BRIEF DESCRIPTION OF THE DRAWINGS
The above and other objects, features and advantages of the invention will
become apparent from a consideration of the subsequent detailed
description presented in connection with the accompanying drawings in
which:
FIG. 1 is a perspective view of a self-cooling beverage container, made in
accordance with the principles of the present invention;
FIG. 2 is a side, cross-sectional view of the self-cooling beverage
container illustrated in FIG. 1, taken along section A--A;
FIG. 3 is a side, cross-section view of an alternative embodiment of the
self-cooling beverage container of FIG. 2;
FIG. 4 is a perspective view of another alternative embodiment of a
self-cooling beverage container, made in accordance with the principles of
the present invention; and
FIG. 5 is a side, cross-sectional view of the self-cooling beverage
container illustrated in FIG. 4, taken along section A--A.
DETAILED DESCRIPTION OF PRESENTLY PREFERRED EMBODIMENTS
For the purposes of promoting an understanding of the principles in
accordance with the invention, reference will now be made to the
embodiments illustrated in the drawings and specific language will be used
to describe the same. It will nevertheless be understood that no
limitation of the scope of the invention is thereby intended. Any
alterations and further modifications of the illustrated apparatus, and
any additional applications of the principles of the invention as
illustrated herein, which would normally occur to one skilled in the
relevant art and possessed of this disclosure, are to be considered within
the scope of the invention claimed.
The invention comprises a method and apparatus for cooling a substance
contained within a container. The preferred environment of use for the
invention is contemplated to be in the field of liquid beverages.
Accordingly, the invention shall be referred to herein as a self-cooling
beverage container. It is to be understood, however, that the principles
in accordance with the present invention are useful to cause temperature
reduction in any desired substance, including, but not limited to:
beverages, foodstuffs, and any edible or non-edible substance.
Referring now to FIGS. 1-2, there is shown a self-cooling beverage
container, designated generally at 10. The container 10 includes a
containment means 12 for containing a substance 13 therein such as a
beverage. The containment means 12 preferably comprises a conventional
disposable beverage can. A compression chamber 14 is coupled to the bottom
of the can 12 and operates as a pressure holding means for holding a
pressurized cooling agent 16 therein. Applicant contemplates compressed
oxygen as a preferred medium for the pressurized cooling agent 16,
although other fluids may be used for this purpose.
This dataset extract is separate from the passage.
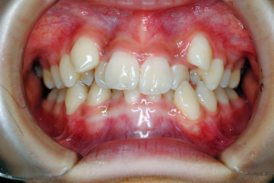 咬み合わせ。歯並び上顎左右2番が飛び出しているのが気になる。

Tubing 18 is disposed within the can 12. The tubing 18 is preferably formed
as a double helix as shown in FIG. 2. The tubing 18 includes a first open
end 20 coupled to a hole 22 in the bottom of the can 12 so as to be
exposed to communication with the compression chamber 14. An opposing end
24 of the tubing 18 extends through the compression chamber 14 to a closed
port 26 in the bottom of the chamber 14, and is preferably closed off by a
pull-tab opener 28. Alternatively, the opposing end of the tubing may
terminate at the top of the can 12, as shown by closed end 24a in FIG. 3,
wherein a pull tab opener 28a may be used to open the can 12 and the tube
end 24a substantially simultaneously.
When the pull tab 28 (FIG. 2) or 28a (FIG. 3) is pulled by a user, the
tubing end 24 (FIG. 2) or 24a (FIG. 3) is opened to atmosphere, permitting
the compressed gas 16 to flow into the first open end 20 of the tubing 18,
through the tubing, and out through the unclosed end 24 (FIG. 2) or 24a
(FIG. 3). It will be appreciated by those skilled in the field of
thermodynamics that the gas 16 will expand as it flows through the tubing
18, and that expanding gas absorbs heat from its surroundings. The result
is that heat is removed from the contained beverage 13 as the compressed
gas 16 flows through the tubing 18, so that the beverage is cooled.
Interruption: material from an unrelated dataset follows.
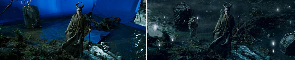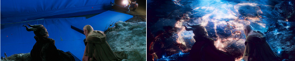 Nhóm VFX đã trao cho Maleficent phép thuật huyền bí. Valdez ghi chú về cảnh lễ rửa tội, khi mà Maleficent ám một lời nguyền vào Aurora, “chúng tôi muốn bày tỏ lòng tôn kính đối với tác phẩm Công Chúa Ngủ Trong Rừng vì những hiệu ứng đẹp tuyệt vời.” MPC dùng màu xanh là cây cho phép thuật “để tạo cảm giác nó có một dụng ý xấu xa — một màu xanh đầy thù hận”.

The pull-tab opener 28 constitutes a means for discharging the gas 16 from
the can 12. The pull-tab opener 28 may also be defined as a means for
discharging the gas 16 from a lower surface 32 of the container 10 and in
a direction away from a face of the consumer (not shown) when the consumer
is ingesting the beverage 13 from the can 12. As will be readily apparent
to one of ordinary skill in the art by inspecting FIG. 2, one may drink
the beverage 13 from the can 12 by tilting the can 12 as desired, without
the need to completely invert the can 12, to thereby tip the orifice 34
toward his or her mouth.
It will be appreciated by inspection of FIGS. 1-3 that the tubing 18
operates as an advancement means for (i) advancing the compressed gas 16
along a first movement path through an inner core portion of the beverage
13 to thereby reduce temperature of said inner core portion, and (ii)
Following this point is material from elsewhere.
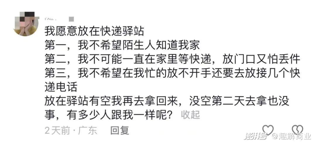 与李睿有类似想法的人不在少数,在社交平台相关话题的评论区,有不少网友觉得“驿站”“快递柜”更方便。

advancing the compressed gas 16 through a second, surrounding portion of
the beverage 13 along a second movement path encircling said inner core
portion to thereby reduce temperature of said second, surrounding portion
of the beverage. The inner helix 19a of the tubing 18 defines the first
movement path, and the outer helix 19b defines the second movement path.
In order to accomplish some of the purposes set forth above in accordance
with the present invention, including the objectives of applying cooling
action to concentric portions of a beverage in a manner to produce a more
uniform cooling effect throughout the beverage, and cooling a contained
beverage relatively quickly, it is preferred that the outer helix 19b
reside sufficiently spaced apart from the inner helix 19a (as shown most
clearly in FIG. 2) for the accomplishment of these purposes.
As also shown in FIG. 2, the inner helix 19a defines a first movement path
for passage of the gas 16, said first movement path being characterized by
an absence of any non-liquid structures extending through helices thereof.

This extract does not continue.